Try it: Each record below is to be retyped exactly, with its pictures omitted.

Records from a data collection:
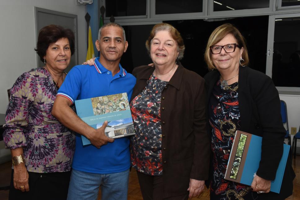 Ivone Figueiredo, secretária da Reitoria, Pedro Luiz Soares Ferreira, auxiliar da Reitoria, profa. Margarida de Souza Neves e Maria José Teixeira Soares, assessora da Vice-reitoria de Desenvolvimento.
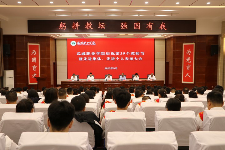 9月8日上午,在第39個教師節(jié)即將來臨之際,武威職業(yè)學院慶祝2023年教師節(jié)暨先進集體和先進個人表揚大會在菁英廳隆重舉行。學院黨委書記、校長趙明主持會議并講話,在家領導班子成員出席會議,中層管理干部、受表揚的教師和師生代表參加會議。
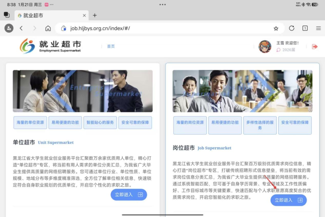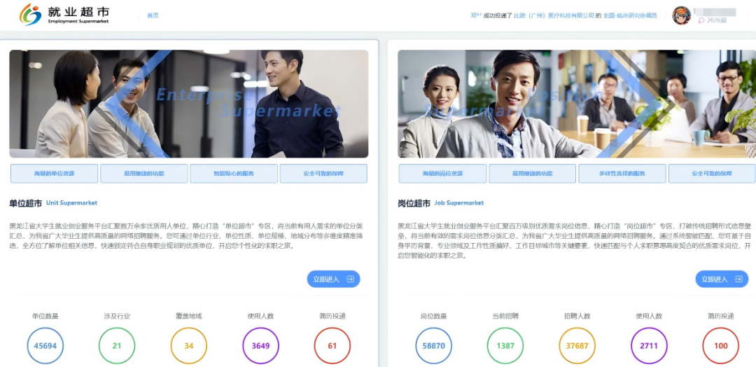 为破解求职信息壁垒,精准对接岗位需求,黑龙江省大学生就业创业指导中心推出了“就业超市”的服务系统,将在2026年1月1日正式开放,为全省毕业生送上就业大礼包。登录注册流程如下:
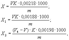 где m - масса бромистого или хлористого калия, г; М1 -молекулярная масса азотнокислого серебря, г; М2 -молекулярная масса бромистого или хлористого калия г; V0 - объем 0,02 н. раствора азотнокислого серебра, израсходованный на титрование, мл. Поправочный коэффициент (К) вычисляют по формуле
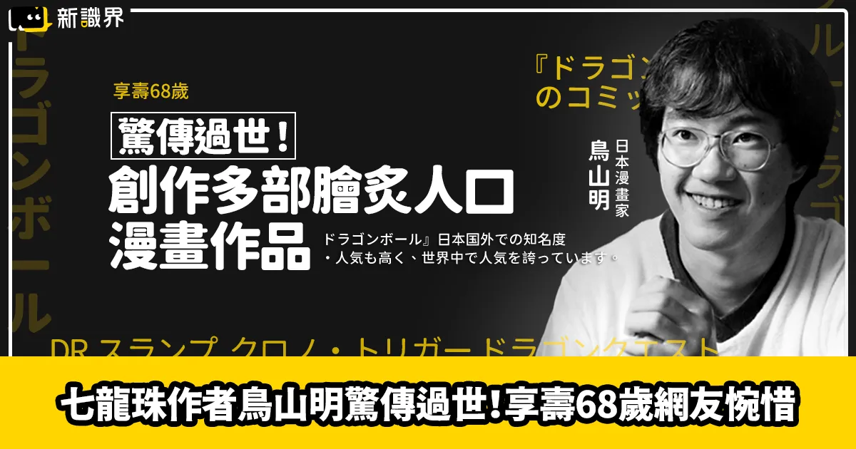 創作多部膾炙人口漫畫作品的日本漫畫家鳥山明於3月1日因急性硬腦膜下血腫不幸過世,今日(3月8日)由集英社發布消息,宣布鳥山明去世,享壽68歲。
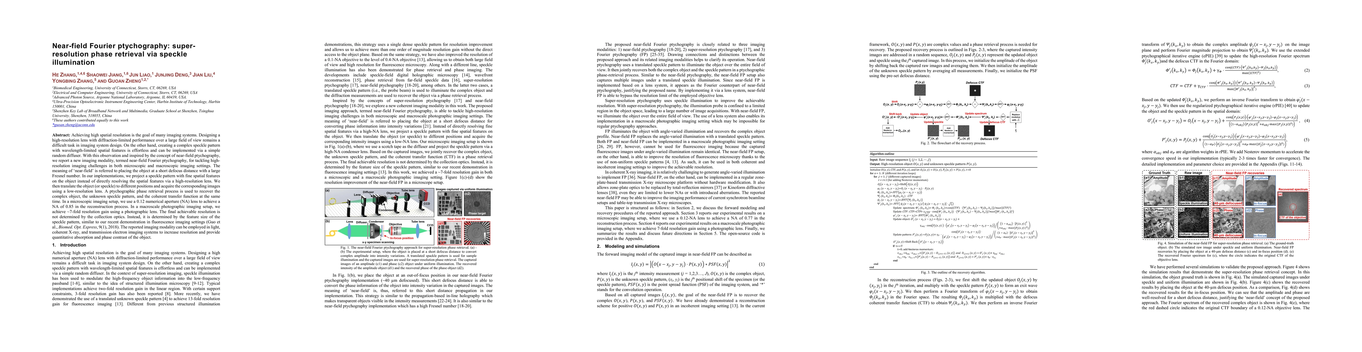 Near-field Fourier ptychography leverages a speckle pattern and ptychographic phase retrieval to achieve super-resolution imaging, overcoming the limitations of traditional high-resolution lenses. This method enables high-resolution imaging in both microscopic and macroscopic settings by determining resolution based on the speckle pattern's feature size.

Written response:
 Ivone Figueiredo, secretária da Reitoria, Pedro Luiz Soares Ferreira, auxiliar da Reitoria, profa. Margarida de Souza Neves e Maria José Teixeira Soares, assessora da Vice-reitoria de Desenvolvimento.
 9月8日上午,在第39個教師節(jié)即將來臨之際,武威職業(yè)學院慶祝2023年教師節(jié)暨先進集體和先進個人表揚大會在菁英廳隆重舉行。學院黨委書記、校長趙明主持會議并講話,在家領導班子成員出席會議,中層管理干部、受表揚的教師和師生代表參加會議。
 为破解求职信息壁垒,精准对接岗位需求,黑龙江省大学生就业创业指导中心推出了“就业超市”的服务系统,将在2026年1月1日正式开放,为全省毕业生送上就业大礼包。登录注册流程如下:
 где m - масса бромистого или хлористого калия, г; М1 -молекулярная масса азотнокислого серебря, г; М2 -молекулярная масса бромистого или хлористого калия г; V0 - объем 0,02 н. раствора азотнокислого серебра, израсходованный на титрование, мл. Поправочный коэффициент (К) вычисляют по формуле
 創作多部膾炙人口漫畫作品的日本漫畫家鳥山明於3月1日因急性硬腦膜下血腫不幸過世,今日(3月8日)由集英社發布消息,宣布鳥山明去世,享壽68歲。
 Near-field Fourier ptychography leverages a speckle pattern and ptychographic phase retrieval to achieve super-resolution imaging, overcoming the limitations of traditional high-resolution lenses. This method enables high-resolution imaging in both microscopic and macroscopic settings by determining resolution based on the speckle pattern's feature size.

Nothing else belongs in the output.